Additive manufacturing (AM) provides the opportunity for complex porous designs, without the costs depending on batch size. Therefore patient-specific implants can be rapidly manufactured. In clinical practice, reconstruction of the mandible is needed in case of bone tumors or trauma. Part of the mandible is removed and the shape of the missing part needs to be estimated, before an implant can be designed. Now-a-days the golden standard for mandible reconstruction is autograft surgery using the iliac or fibula bone. However, this comes with extra donor site surgery and asymmetrical face contours. Mandible movements are needed for mastication and speech and the mandible bone accounts largely for the individual’s face appearance.

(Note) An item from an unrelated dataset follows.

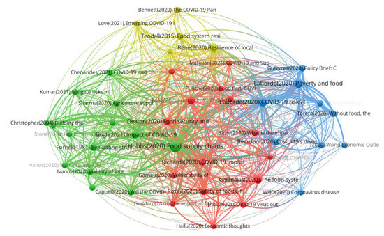 Reference co-citation analysis can identify areas of potential future research based on the cited publications [101]. The network considers references co-cited at least once (Figure 3). As a result, 43 references and 1,246 links were used to generate four clusters. Based on the number of nodes, the red cluster is the most important, comprising 15 studies that mainly focus on the impact of the COVID-19 pandemic on FSC systems and agriculture [2,99,102]. The second cluster (in green) contains 14 studies that examine the mitigation strategies and measures necessary to increase FSC resilience [103,104,105]. The third cluster (in blue) consists of nine studies discussing the risks of the COVID-19 pandemic to global food security [106,107,108,109]. Finally, the fourth cluster (in yellow) includes five studies that scrutinize the impact of the pandemic on seafood systems [110,111,112].

Hence, good estimation is needed for both function and aesthetics
In this study, a statistical shape model (SSM) of the mandible was generated by segmentation of the mandibles from 35 full body CT-scans. The missing shape of the mandible was estimated using an extruded base, the SSM and mirroring of the intact side. Two finite element models (FEM) were made; one of a healthy mandible and one with a 25% total volume defect with a solid Ti-alloy implant created with the SSM. Two loading conditions were simulated separately; incision clenching (INC) and right molar biting (RMB). Topology optimizations were made with a volume constraint of 0.2 and 0.24 together with an objective function to minimalize the strain energy. To investigate more initial conditions, more topology optimizations were completed. These included one in which the initial implant included pores and two in which extreme mandible cases were used, which were retrieved using the b-values for the first mode of the SSM.
Variations in shape of the mandible were seen in the modes of the SSM. Mode 1 described the variations in shape between the intercondylar angle and distance, mode 2 of the gonial angle and symphysis length, mode 3 described the variations in shape and position of the condyle and mode 4 was associated with the coronoid process. Calculations of the maximum and average distances of the point cloud of the original missing bone part to the estimated shapes illustrated that both mirroring of the healthy side and SSM resulted in the closest estimation. No significance was found between the two methods. Limitations of the mirroring method in relation to the locations of the defects, resulted in the use of SSM for the design of the implant. Topology optimization resulted in optimized implant frames that were located at lateral inferior sides of the implants for both volume constraints and biting tasks. Small differences were seen in the exact location of the crossing of the implant frame. FEM results suggested correct maintenance of stress concentrations and displacements, when compared to the healthy intact mandible. It was suggested that the initial implant shape influences the optimized outcome. Different mandibles resulted in unique optimized implant frames, making the outcome patient specific. The workflow created in this study can be used as a proof of concept for the design and optimization of patient-specific implants for mandible reconstruction, which can easily be manufactured using additive manufacturing processes.